▶ [The problem]
Would you please output, word for word, the span of the listing below that opens on the line containing "Transistors for Wearables" and closes on the line containing "श्री अध्यक्षज्यू वडा"? Include both ends and nothing more.

▶ [Data listing]
++++++++++

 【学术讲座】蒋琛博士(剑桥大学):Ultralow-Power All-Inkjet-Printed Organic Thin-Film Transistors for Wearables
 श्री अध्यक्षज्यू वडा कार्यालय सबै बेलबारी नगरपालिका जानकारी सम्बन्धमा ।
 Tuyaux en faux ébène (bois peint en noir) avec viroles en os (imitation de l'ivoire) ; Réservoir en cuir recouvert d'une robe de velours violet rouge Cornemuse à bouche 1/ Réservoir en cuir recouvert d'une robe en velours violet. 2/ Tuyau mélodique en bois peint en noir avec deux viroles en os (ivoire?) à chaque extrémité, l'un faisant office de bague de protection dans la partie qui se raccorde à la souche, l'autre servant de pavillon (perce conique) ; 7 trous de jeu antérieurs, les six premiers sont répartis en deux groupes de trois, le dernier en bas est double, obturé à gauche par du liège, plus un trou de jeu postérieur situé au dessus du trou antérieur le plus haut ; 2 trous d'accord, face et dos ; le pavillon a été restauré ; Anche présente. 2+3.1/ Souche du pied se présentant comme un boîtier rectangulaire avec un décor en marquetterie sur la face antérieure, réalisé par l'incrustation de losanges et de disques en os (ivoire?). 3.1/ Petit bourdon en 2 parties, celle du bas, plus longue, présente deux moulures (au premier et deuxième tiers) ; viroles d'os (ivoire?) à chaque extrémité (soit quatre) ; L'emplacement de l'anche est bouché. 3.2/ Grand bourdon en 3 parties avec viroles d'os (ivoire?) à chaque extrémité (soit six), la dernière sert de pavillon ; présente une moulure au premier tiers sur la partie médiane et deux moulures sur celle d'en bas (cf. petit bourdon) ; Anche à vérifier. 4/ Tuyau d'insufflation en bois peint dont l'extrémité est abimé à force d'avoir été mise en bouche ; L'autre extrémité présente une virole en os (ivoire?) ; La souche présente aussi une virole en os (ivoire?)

++++++++++

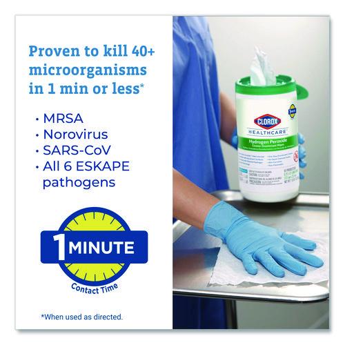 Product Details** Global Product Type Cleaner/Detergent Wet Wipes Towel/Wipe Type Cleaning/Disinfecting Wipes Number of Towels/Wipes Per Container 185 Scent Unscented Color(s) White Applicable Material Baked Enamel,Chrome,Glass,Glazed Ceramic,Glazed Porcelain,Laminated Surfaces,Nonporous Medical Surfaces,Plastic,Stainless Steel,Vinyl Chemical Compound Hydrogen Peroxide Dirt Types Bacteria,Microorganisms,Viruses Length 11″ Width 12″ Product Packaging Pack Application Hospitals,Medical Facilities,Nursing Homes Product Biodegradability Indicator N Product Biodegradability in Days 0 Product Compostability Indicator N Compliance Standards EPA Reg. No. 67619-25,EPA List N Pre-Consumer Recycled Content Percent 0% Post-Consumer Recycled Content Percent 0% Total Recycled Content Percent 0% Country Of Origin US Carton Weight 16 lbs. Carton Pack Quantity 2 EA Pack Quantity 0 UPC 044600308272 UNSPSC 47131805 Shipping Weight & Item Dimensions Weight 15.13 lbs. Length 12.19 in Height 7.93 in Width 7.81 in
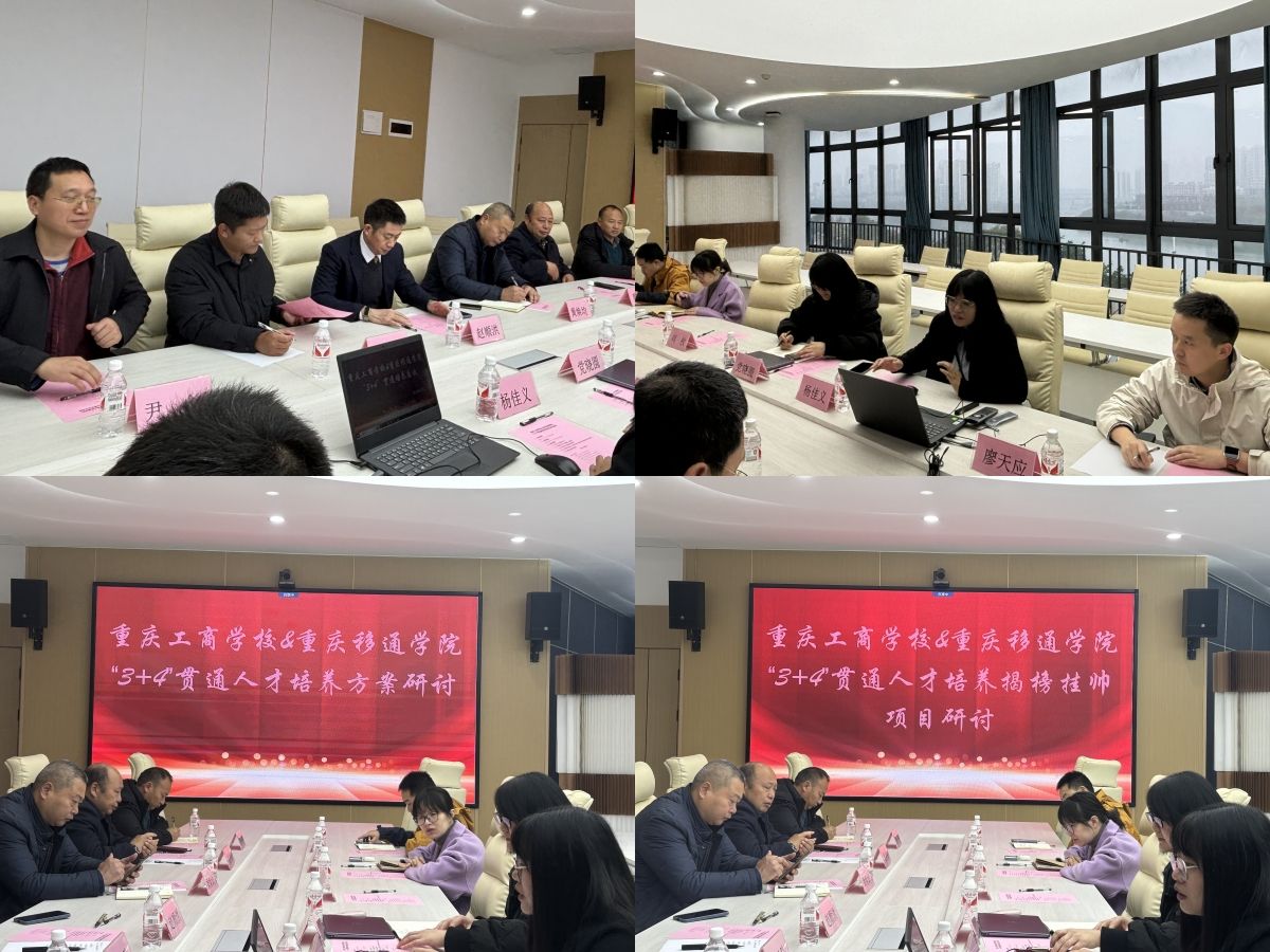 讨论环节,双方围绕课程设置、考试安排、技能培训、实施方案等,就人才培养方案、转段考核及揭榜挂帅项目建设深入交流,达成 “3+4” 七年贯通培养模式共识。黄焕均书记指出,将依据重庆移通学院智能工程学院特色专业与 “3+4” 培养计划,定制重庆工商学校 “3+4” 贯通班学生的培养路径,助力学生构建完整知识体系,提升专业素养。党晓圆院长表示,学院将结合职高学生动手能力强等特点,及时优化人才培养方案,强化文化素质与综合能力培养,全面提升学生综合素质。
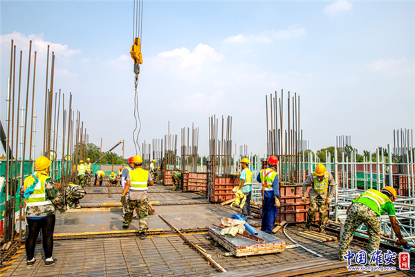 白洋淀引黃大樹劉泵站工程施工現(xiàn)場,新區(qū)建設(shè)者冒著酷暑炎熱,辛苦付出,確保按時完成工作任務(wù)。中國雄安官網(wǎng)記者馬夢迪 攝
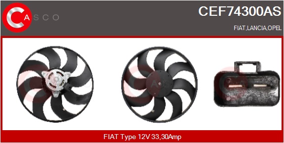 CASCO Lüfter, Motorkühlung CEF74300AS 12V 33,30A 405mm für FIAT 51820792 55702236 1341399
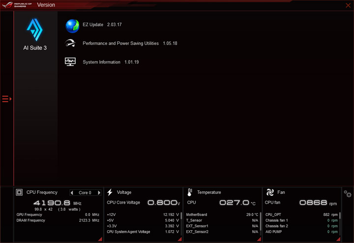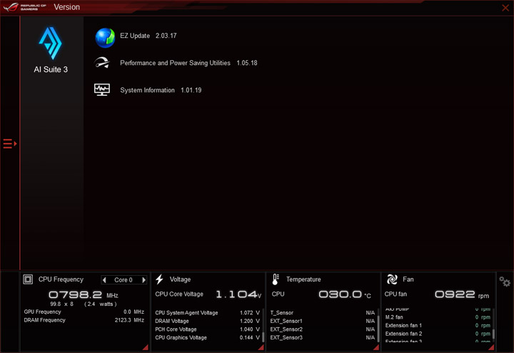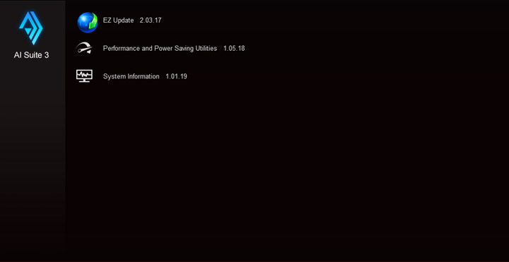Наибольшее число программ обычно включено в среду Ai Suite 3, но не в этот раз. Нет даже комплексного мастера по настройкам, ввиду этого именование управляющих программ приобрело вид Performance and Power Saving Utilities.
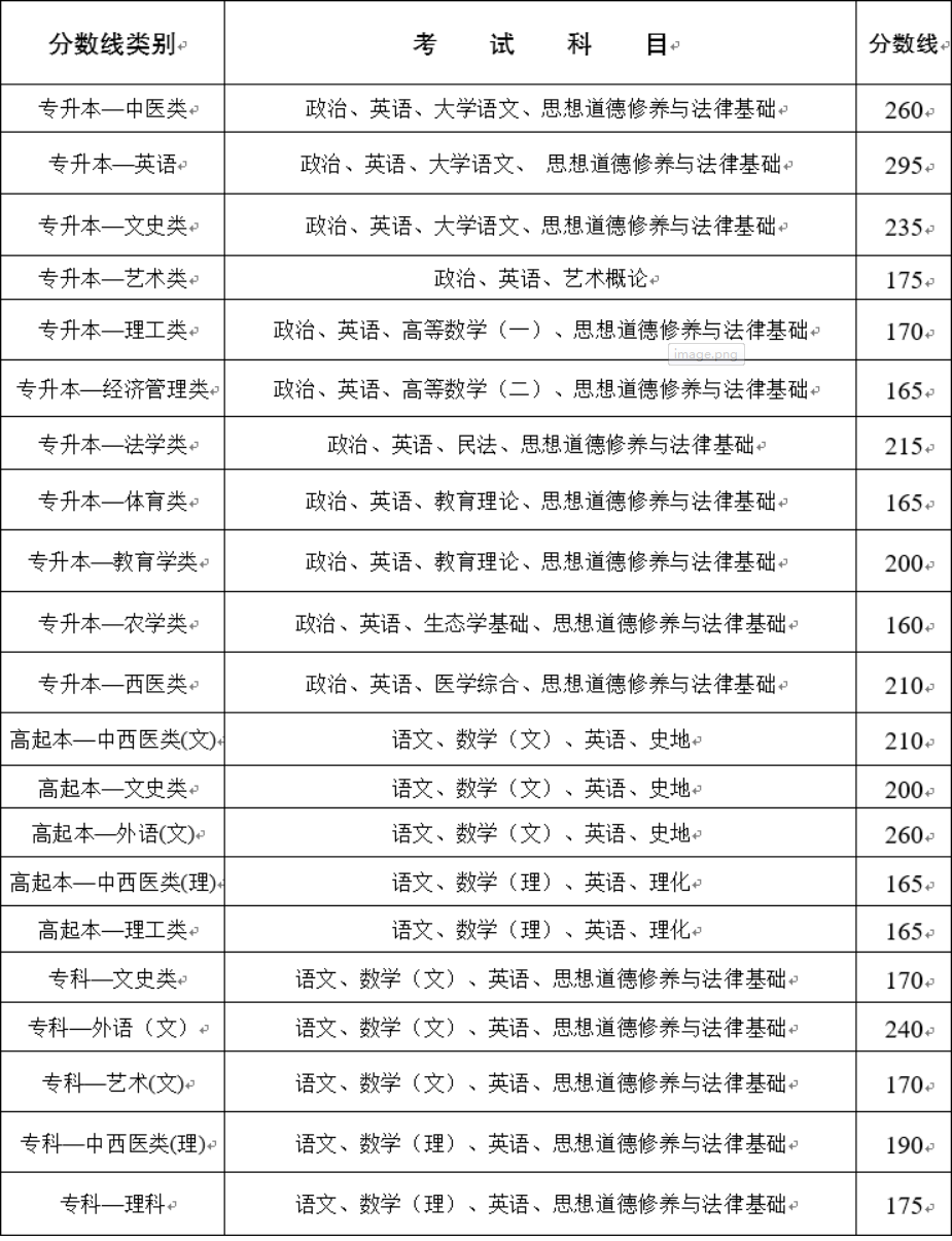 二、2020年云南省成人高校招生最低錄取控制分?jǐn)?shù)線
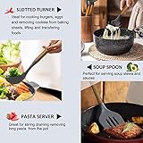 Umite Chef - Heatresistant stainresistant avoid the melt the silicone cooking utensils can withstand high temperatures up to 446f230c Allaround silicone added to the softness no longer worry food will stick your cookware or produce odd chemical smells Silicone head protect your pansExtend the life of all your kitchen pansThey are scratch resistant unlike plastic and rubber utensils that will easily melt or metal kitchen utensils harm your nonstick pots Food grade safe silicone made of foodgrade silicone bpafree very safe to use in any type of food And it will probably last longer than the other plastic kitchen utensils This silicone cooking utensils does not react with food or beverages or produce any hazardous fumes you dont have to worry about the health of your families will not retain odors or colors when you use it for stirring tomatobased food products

++++++++++

▶ [Solution to this problem]
 【学术讲座】蒋琛博士(剑桥大学):Ultralow-Power All-Inkjet-Printed Organic Thin-Film Transistors for Wearables
 श्री अध्यक्षज्यू वडा कार्यालय सबै बेलबारी नगरपालिका जानकारी सम्बन्धमा ।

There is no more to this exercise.